RIO DE JANEIRO — When Brazilian Labor Minister Carlos Lupi was scrambling to save his job after being accused of corruption last month, he was defiant at first, saying that “only a bullet” would force him from office.

Then he tried sweet-talking his way out of trouble, apologizing to Brazil’s irritated president, Dilma Rousseff, and assuring her in public comments, “I love you.”

(Nacho Doce/Retuers) - Demonstrators take part in a protest against corruption at the Avenida Paulista in Sao Paulo on Nov. 15, 2011. Civil society groups organized the march through social networking sites to protest against what they say is corruption and the misuse of public money by ministries in Brazil.

But Rousseff, the country’s first female president and a no-nonsense technocrat who is about to complete her first year on the job, has shown little patience for any whiff of corruption in a cabinet that includes several holdovers from the government of President Luiz Inacio Lula da Silva. So last week, Lupi became the sixth scandal-tainted minister to be ousted from Rousseff’s 38-member cabinet — the latest in a string of departures that she has signaled may continue.

“I am not an adolescent, nor a romantic,” she said after Lupi’s last-gasp effort to keep his job. “I analyze objectively.”

Analysts here say that the removal of ministers linked to kickbacks, bribe-taking, diversion of funds and influence peddling has simultaneously underscored Rousseff’s political independence and highlighted the scope of the rot in the capital, Brasilia, just as Brazil’s global visibility and influence are expanding. Corruption is a top public issue, polls show, but many Brazilians question whether Rousseff can succeed in dismantling a system rooted in patronage and backroom deals.

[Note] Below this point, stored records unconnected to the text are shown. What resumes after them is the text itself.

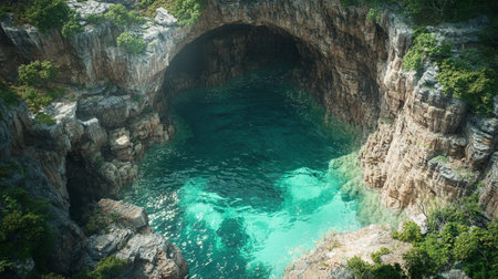 Cave with turquoise water in the sea. 3d render
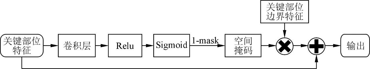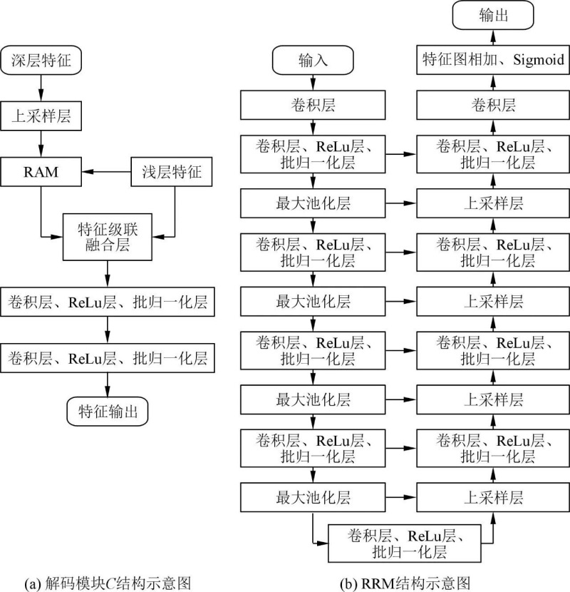 圖10 CXMTDS-Net分割結(jié)果示例 針對缺陷分割和關(guān)鍵位置分割任務(wù)提出了多任務(wù)分割模型CXMTDS-Net,可以有效提升關(guān)鍵位置分割精度。為了提升顯著性目標(biāo)的分割精度,F(xiàn)AN D P等提出了一種反向注意力模塊(Reverse Attention Module,RAM),見圖11。通過該模塊可以挖掘分割區(qū)域與其邊界之間的內(nèi)在聯(lián)系,從而提高模型對目標(biāo)區(qū)域的分割精度。QIN X B等提出了一種殘差細(xì)化模塊(Residual Refinement Module,RRM),設(shè)計(jì)了一種編碼和解碼的結(jié)構(gòu)對模型預(yù)測的結(jié)果進(jìn)行修正,從而提高模型在邊界區(qū)域的分割精度。以CXDS-Net +EAB_2+ PPSTSEM_2為基準(zhǔn)網(wǎng)絡(luò)分別將RAM和RRM方法與基準(zhǔn)網(wǎng)絡(luò)融合與所提出的CXMTDS-Net模型進(jìn)行定量對比,從而驗(yàn)證提出的方法對提高關(guān)鍵位置分割精度的有效性,見圖12。
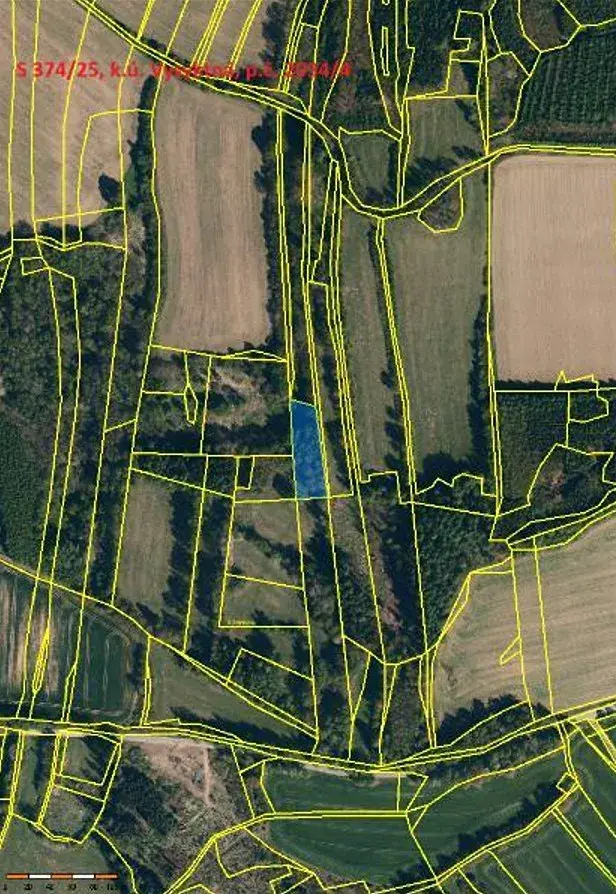 Jedná se o prodej lesního pozemku menší výměry, který je obklopený zemědělskými a lesními pozemky jiných vlastníků. Má výměru 2174 m2, na části pozemku se nachází listnatý porost (BR), na části je bezlesí zarostlé keři.
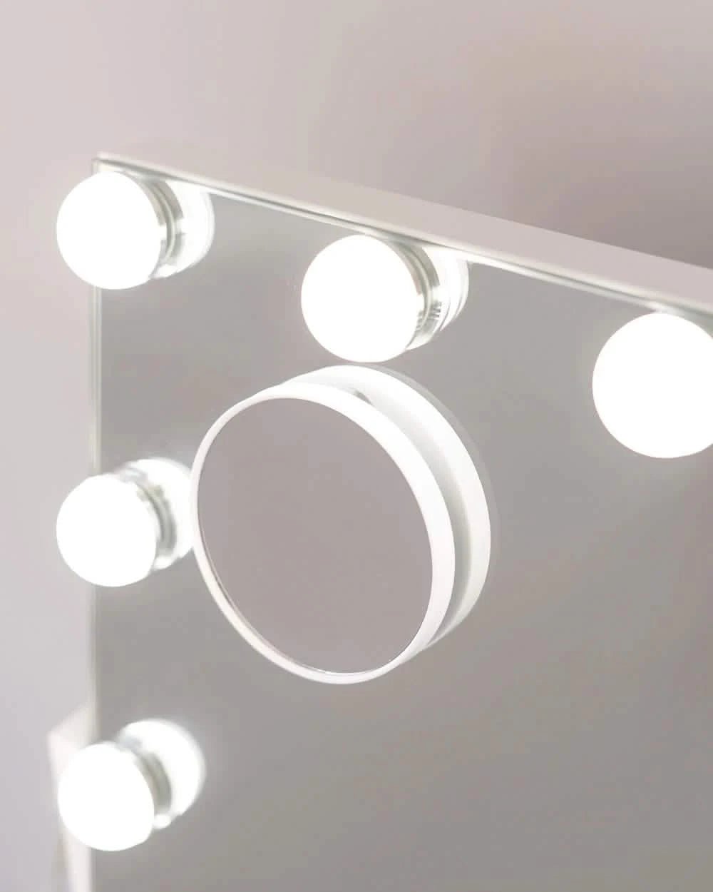 Ajusta el color y la intensidad de la luz fácilmente con sus botones táctiles. Además, incluye un espejo de aumento x5 para no perderte ningún detalle.
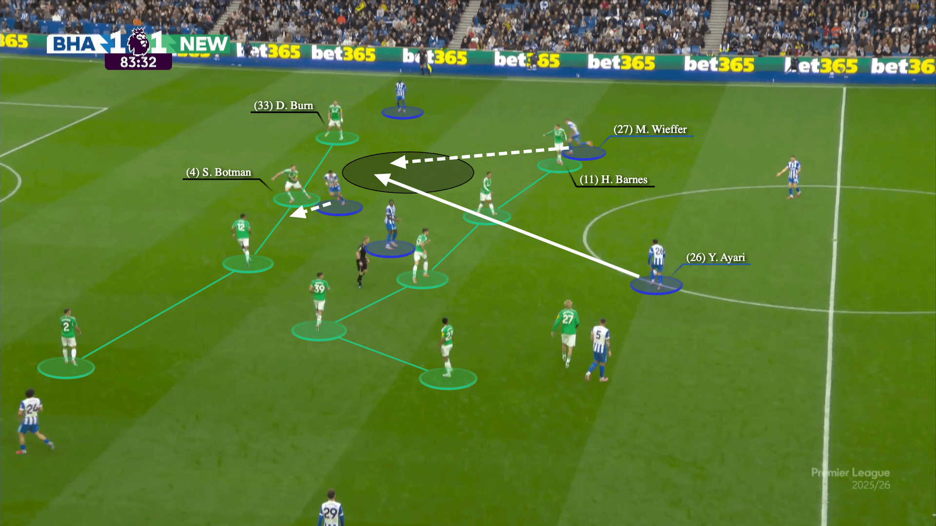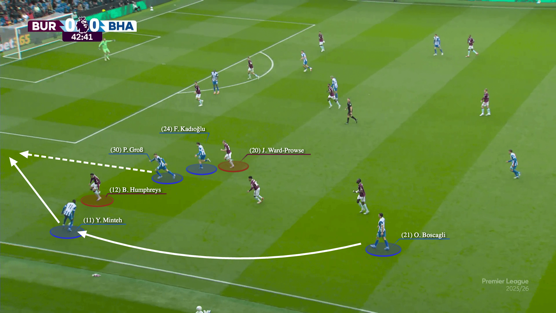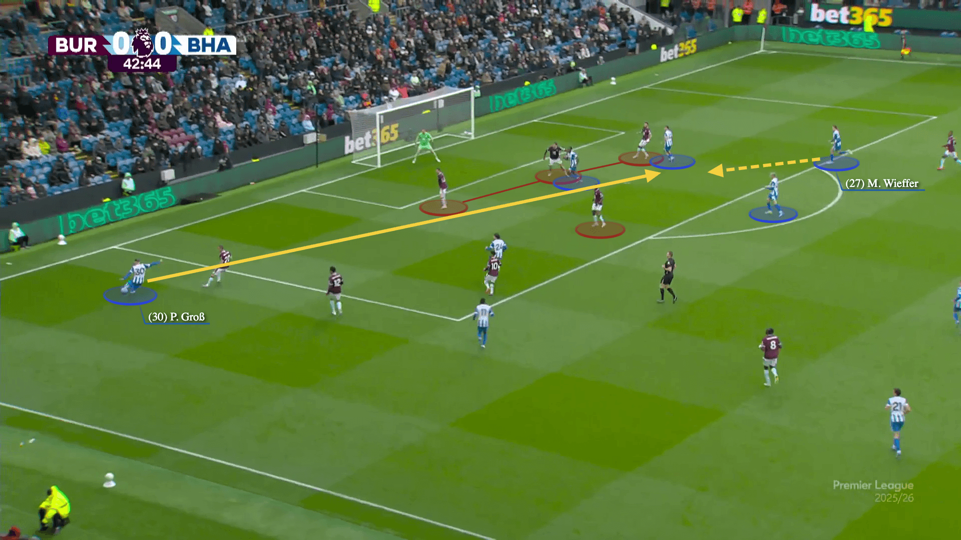 The midfielder consistently makes angled runs between opposition centre-backs and full-backs, which is how Brighton created the opener for Wieffer at the back post away to Burnley.

“There is something new that’s happening now,” said Sylvio Costa, director of Congress in Focus, an anti-corruption group in Brasilia. “I think she’s trying to avoid practices that other presidents were not so bothered to accept. But this is a hard and long process.”

Under Brazil’s proportional representation system, political parties of all stripes abound, with 23 of them now operating in the 513-member lower house of congress. To get initiatives approved, presidents must thus form broad coalitions among parties that frequently lack ideology but are intent on controlling as many ministries as they can, said David Fleischer, a Brasilia-based political scientist.

The free-for-all system, enshrined in the 1988 constitution, lends itself to corruption, because those ministries come with thousands of jobs, dispersed nationwide, and big budgets, analysts say.

“It’s something that’s frightening,” Costa said. “I think the core of the problem is a culture of people getting posts in the state and using their power to make private profits illegally, and I think this has a long tradition in Brazil.”

A problem in one presidency after another, the pervasive corruption exploded in scandal in the middle of Lula’s eight-year term when reports emerged that lawmakers had received hundreds of thousands of dollars from the president’s Workers’ Party to keep the ruling coalition together. Known as the “monthly payoff,” the practice led to the departure of Lula’s top confidants and indirectly cleared the path to power for a quiet but strong-willed policy wonk, Rousseff.